Voice Proxy Architecture — Sceptic Review

Date: 2026-03-22 Author: Claude (sceptic reviewer) Status: Analysis complete — recommends architectural change

TL;DR

The Voice State Proxy is architecturally sound in theory but operationally fragile in practice. After three production failures and three fix attempts that didn’t address the actual problem, the pattern should be replaced. The root cause is almost certainly not a code bug — it’s Discord silently ignoring the Op 4 voice join request due to either missing channel permissions or a zombie gateway connection. But even if we fix the immediate cause, the credential-capture pattern will remain brittle. I recommend switching to Gateway Audio Bridge — gateway owns the voice connection, streams audio to/from workers via gRPC.

1. Root Cause Analysis

What the logs tell us

20:13:03.246Z  INFO  "gateway: capturing voice credentials"
                     bot_user_id=1477441235500400671
                     application_id=1477441235500400671
20:13:03.246Z  INFO  "gateway: sent Op 4 voice state update"
20:13:13.249Z  ERROR "voice credential capture timed out"
                     got_voice_state=false got_voice_server=false

Key facts:

bot_user_id == application_id → PR #71’s ID mismatch fix was irrelevant
Op 4 returned successfully (log only appears when UpdateVoiceState() returns nil)
Neither VOICE_STATE_UPDATE nor VOICE_SERVER_UPDATE arrived
10-second timeout elapsed with zero events

What I verified in the code

I traced the full event dispatch chain through disgo v0.19.3 (pseudo-version dd3528ae9dd0):

Layer	Status	Evidence
Event listeners registered before Op 4	Correct	sessionctrl.go:376 `AddEventListeners` before :380 `UpdateVoiceState`
Type assertions match dispatch types	Correct	Listener expects `*events.GuildVoiceStateUpdate`, handler dispatches `&events.GuildVoiceStateUpdate{...}`
VoiceManager=nil doesn’t suppress events	Correct	voice_handlers.go:27-29 — VoiceManager check is independent of DispatchEvent call at :37-40
Event dispatch reaches all listeners	Correct	event_manager.go:147-171 — iterates all listeners, no filtering
Gateway intent set	Correct	`IntentGuildVoiceStates` in botconnector.go:76
Buffered channel prevents blocking	Correct	`credsCh := make(chan creds, 1)` at sessionctrl.go:319
Stale voice state cleanup	Correct	sessionctrl.go:299-312 — leave before rejoin
HasGateway() check	Weak	client.go:75-77 — just a nil pointer check, not a connection health check
Send() status check	Correct	gateway.go:351-359 — returns ErrShardNotReady if not StatusReady

Conclusion: The Go code is correct. If Discord sends voice events, they WILL reach the listeners.

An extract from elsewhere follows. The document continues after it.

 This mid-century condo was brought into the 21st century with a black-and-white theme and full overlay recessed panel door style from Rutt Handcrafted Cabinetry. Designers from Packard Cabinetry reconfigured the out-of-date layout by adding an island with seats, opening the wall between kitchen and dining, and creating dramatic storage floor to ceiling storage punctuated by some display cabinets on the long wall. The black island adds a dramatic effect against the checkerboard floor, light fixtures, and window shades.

Most likely root causes (ranked)

1. Missing CONNECT permission on the voice channel (70% likely)

When a bot sends Op 4 for a voice channel it doesn’t have CONNECT permission on, Discord simply ignores it. No error event, no close code, no response. Silent failure. This matches the symptoms perfectly: Op 4 sent, zero events received.

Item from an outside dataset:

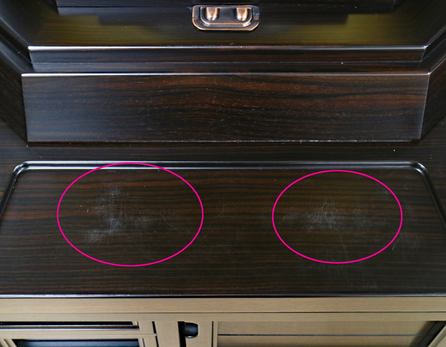 下台の上部に上記お写真の仏具による擦り傷がございます。

This would explain why the issue is consistent across all three attempts — the permission problem wouldn’t change between deploys.

How to verify: Call GET /guilds/{guild_id}/channels and check the bot’s permission overrides on the target voice channel. Or try joining via the Discord developer tools.

2. Zombie gateway connection (20% likely)

The gateway WebSocket appears connected (StatusReady), writes succeed at the OS TCP level, but Discord has already invalidated the session (e.g., missed heartbeat ACK during a K8s pod reschedule). The gateway is effectively shouting into a dead phone line.

This would be more intermittent — but in K8s, if the pod regularly gets rescheduled or the network has issues, it could be systematic.

How to verify: Add logging for gateway heartbeat ACK latency and connection state transitions. Check if the gateway reconnects frequently.

3. disgo pseudo-version regression (5% likely)

The project uses v0.19.3-0.20260322125507-dd3528ae9dd0 — a pseudo-version from an unreleased commit. This carries risk of undiscovered regressions. However, the commit message (“null-padded UDP address fix”) suggests the change is in the UDP layer, not gateway event dispatch.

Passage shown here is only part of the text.